Please transcribe the listing below in full and word for word, without its pictures.

DATA
'''
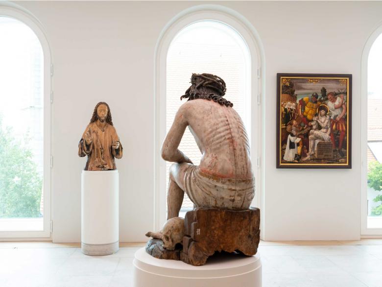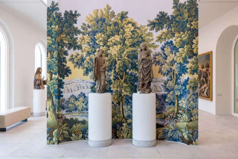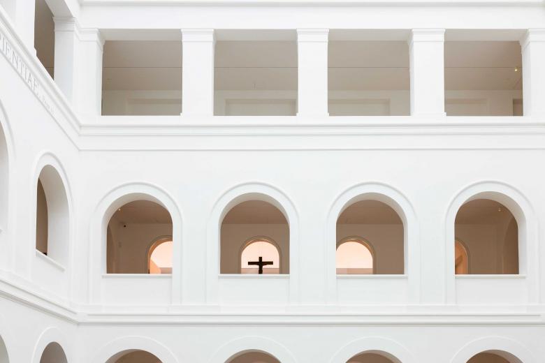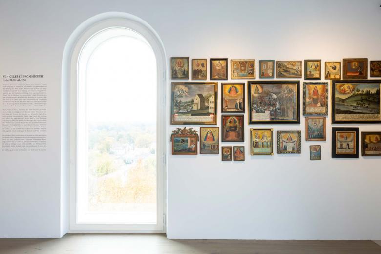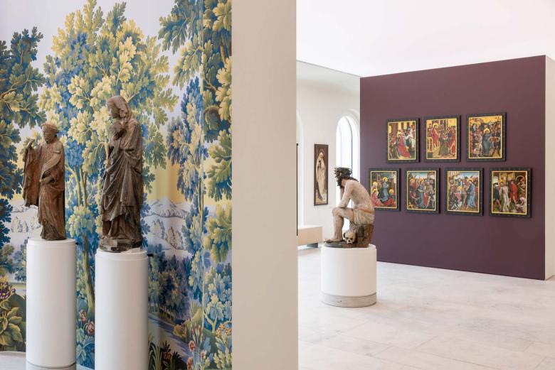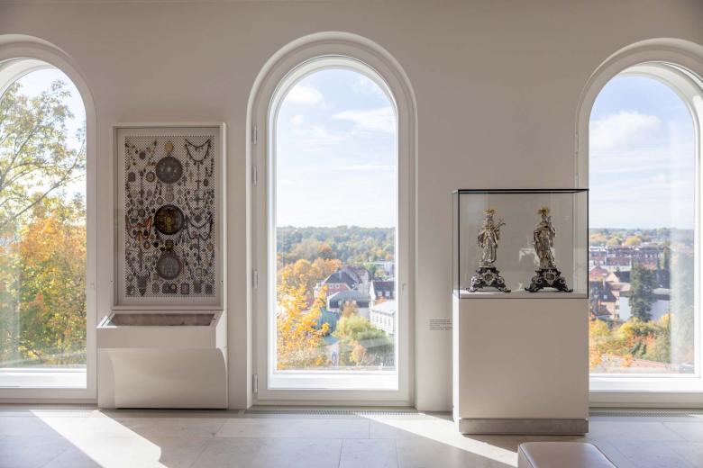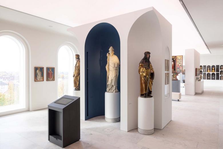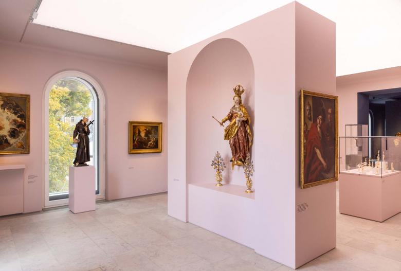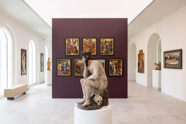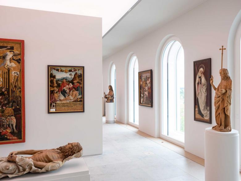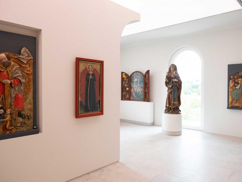 Das wichtigste Kunstwerk befindet sich in der Mitte der Sammlung, im tiefblauen Raum. Es handelt sich um das "Freisinger Lukasbild" (1235 n. Chr.), ein Objekt, das dazu bestimmt ist, in einem Altar hinter Türen aufgestellt zu werden und nur wenige Tage im Jahr zu sehen zu sein. Um dieses Erbe zu rekonstruieren, wurde die Öffnung dieser Wand mit denselben Abmessungen und Formen wie die Altartüren versehen. Das Stück ist nun jedoch nicht mehr verdeckt, sondern für alle sichtbar. Auf der anderen Seite des Hofes befindet sich die Lukas-Kapelle, eine permanente Installation des amerikanischen Künstlers James Turrell. Diese beiden Werke bilden einen Kontrapunkt und stehen durch ihre gemeinsame Achse in einem ständigen Dialog.
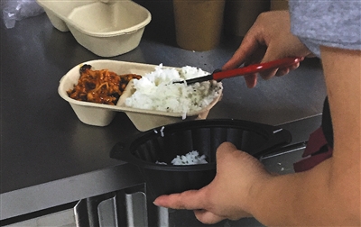 到下午三點(diǎn)多,這些成品菜會(huì)從加熱機(jī)中撈起,如果有人訂餐,就再放進(jìn)微波爐里加熱。賣不完的成品菜,晚上放入冷藏柜里,等第二天循環(huán)加熱,直到下一位顧客買走它。
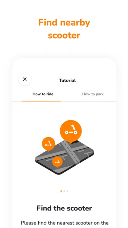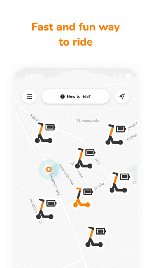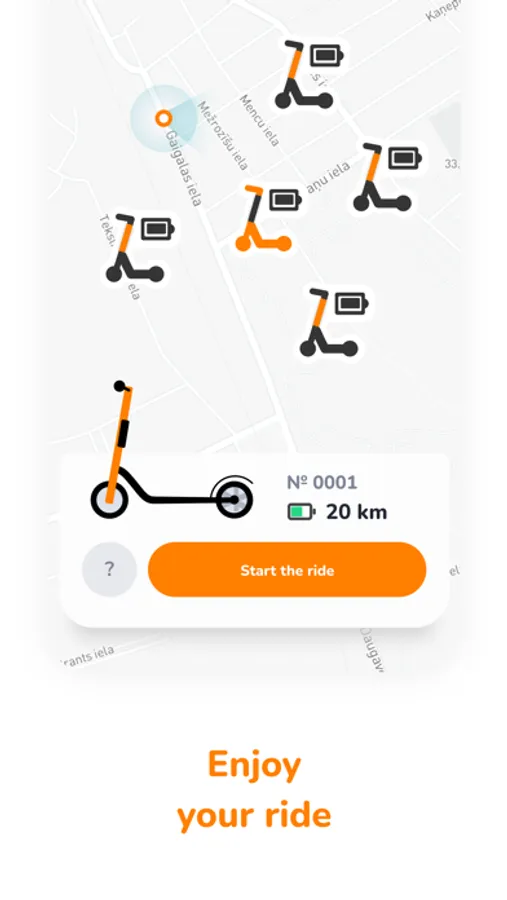 1. Log in to the app and see on the map where your nearest available Vamoz scooter is.
'''
ANSWER BELOW
 Das wichtigste Kunstwerk befindet sich in der Mitte der Sammlung, im tiefblauen Raum. Es handelt sich um das "Freisinger Lukasbild" (1235 n. Chr.), ein Objekt, das dazu bestimmt ist, in einem Altar hinter Türen aufgestellt zu werden und nur wenige Tage im Jahr zu sehen zu sein. Um dieses Erbe zu rekonstruieren, wurde die Öffnung dieser Wand mit denselben Abmessungen und Formen wie die Altartüren versehen. Das Stück ist nun jedoch nicht mehr verdeckt, sondern für alle sichtbar. Auf der anderen Seite des Hofes befindet sich die Lukas-Kapelle, eine permanente Installation des amerikanischen Künstlers James Turrell. Diese beiden Werke bilden einen Kontrapunkt und stehen durch ihre gemeinsame Achse in einem ständigen Dialog.
 到下午三點(diǎn)多,這些成品菜會(huì)從加熱機(jī)中撈起,如果有人訂餐,就再放進(jìn)微波爐里加熱。賣不完的成品菜,晚上放入冷藏柜里,等第二天循環(huán)加熱,直到下一位顧客買走它。
 1. Log in to the app and see on the map where your nearest available Vamoz scooter is.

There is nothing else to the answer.